Nobody saw the Resurrection. His tomb was sealed up tight with a boulder and guarded by Roman soldiers. He must have risen sometime in the night or just before dawn, but there were no witnesses.

What “evidence” we have comes from his disciples, who reported that they came to his tomb that Sunday and found it empty, and that later that day and in the days that followed, the risen Christ appeared to them.

Jesus could have shown himself risen from the dead, he could have returned to Jerusalem triumphant with a legion of angels, if he had wanted to.

But he chose to stay hidden, to reveal himself only to those who loved him.

In those 40 days, he spoke to them of the kingdom of God, and opened their minds to understand the Scriptures; he ate with them and made himself known to them in the breaking of the bread, the Eucharist.

Before ascending into heaven, he gave them a mission. “You will be my witnesses,” he said, “to the ends of the earth.”
We are the children of those first witnesses, every one of us, whether we were baptized as infants many years ago, or whether we just entered the Church this Easter.

None of us has seen Jesus raised from the dead. We trust the testimony of those who did. Their encounters remain at the heart of the mystery of faith, as the Catechism tells us.

During the Last Supper, his apostles had asked him, “Lord, how is it that you will manifest yourself to us, and not to the world?”

It is interesting how Jesus responded. “Whoever loves me will keep my word,” he said, “and my Father will love him, and we will come to him and make our dwelling with him.”

For Jesus, salvation is personal.

He came to “save the world,” to give his flesh and blood on the cross “for the life of the world.”

But he saves the world one soul at a time. He gives his life out of love, as living bread from heaven, to you and to me, and to everyone who loves him and keeps his commandments.

During this season, I like to re-read the Gospel accounts of those days after the Resurrection. Two notes stand out for me in these stories — joy and witness.

In these stories, we hear the disciples delighting in the Lord’s presence, with the joy of those who have found the treasure they had been searching for their whole lives.

And almost every story ends with one or more rushing off in excitement to tell others of this treasure they have found. As St. Mary Magdalene said, “I have seen the Lord!”

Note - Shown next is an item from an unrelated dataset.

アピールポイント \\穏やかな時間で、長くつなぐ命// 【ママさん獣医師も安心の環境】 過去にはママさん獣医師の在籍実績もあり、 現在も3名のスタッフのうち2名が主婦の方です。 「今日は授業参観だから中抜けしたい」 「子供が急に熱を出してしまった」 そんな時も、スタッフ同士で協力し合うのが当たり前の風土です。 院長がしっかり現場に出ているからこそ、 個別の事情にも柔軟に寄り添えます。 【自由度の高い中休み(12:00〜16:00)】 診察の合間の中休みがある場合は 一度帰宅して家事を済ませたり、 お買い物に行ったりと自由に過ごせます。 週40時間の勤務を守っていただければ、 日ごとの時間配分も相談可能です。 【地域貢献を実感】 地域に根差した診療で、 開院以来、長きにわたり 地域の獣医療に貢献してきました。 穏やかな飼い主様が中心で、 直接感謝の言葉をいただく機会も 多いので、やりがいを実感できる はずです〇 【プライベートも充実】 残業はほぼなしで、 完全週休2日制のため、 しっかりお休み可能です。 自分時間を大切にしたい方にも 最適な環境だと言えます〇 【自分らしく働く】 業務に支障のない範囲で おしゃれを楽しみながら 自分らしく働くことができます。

The Church is born in the joy of these witnesses, and the Church’s mission continues in you and me.
As he announced his salvation through his first witnesses, he announces his salvation in this generation, through our witness.

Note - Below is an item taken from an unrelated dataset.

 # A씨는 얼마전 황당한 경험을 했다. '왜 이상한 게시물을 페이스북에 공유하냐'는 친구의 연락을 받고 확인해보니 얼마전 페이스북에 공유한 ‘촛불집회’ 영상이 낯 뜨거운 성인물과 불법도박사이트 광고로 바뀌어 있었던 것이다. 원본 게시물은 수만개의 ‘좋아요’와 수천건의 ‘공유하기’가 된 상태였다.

It is a beautiful mystery of God’s plan of salvation that he involves each of us, inviting us to play our part in sharing the joy that we have found in Jesus.

Let us live these next 50 days — and our whole lives — as one “great Sunday.”

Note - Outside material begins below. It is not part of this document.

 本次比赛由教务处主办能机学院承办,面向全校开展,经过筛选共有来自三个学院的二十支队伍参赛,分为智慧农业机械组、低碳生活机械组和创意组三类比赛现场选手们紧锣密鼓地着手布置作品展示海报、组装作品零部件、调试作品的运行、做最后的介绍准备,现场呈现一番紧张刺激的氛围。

Joy grows through witness. The more we speak to others about Jesus and the more good works we do in his name, the more our joy will increase.

Jesus is alive! He is not some historical figure whose memory will one day fade away. He is real and his love is real. He really died for us, and it is worth everything for us now to live for him.

We know it will not always be easy; we will experience sadness and suffering, and the ugliness of sin. But we know that Jesus will wipe away every tear because he has conquered death.

Pray for me and I will pray for you.

And let us ask our mother Mary, the mother of joy, to keep us always close to her risen Son, that we might always know this joy and share it with all the world.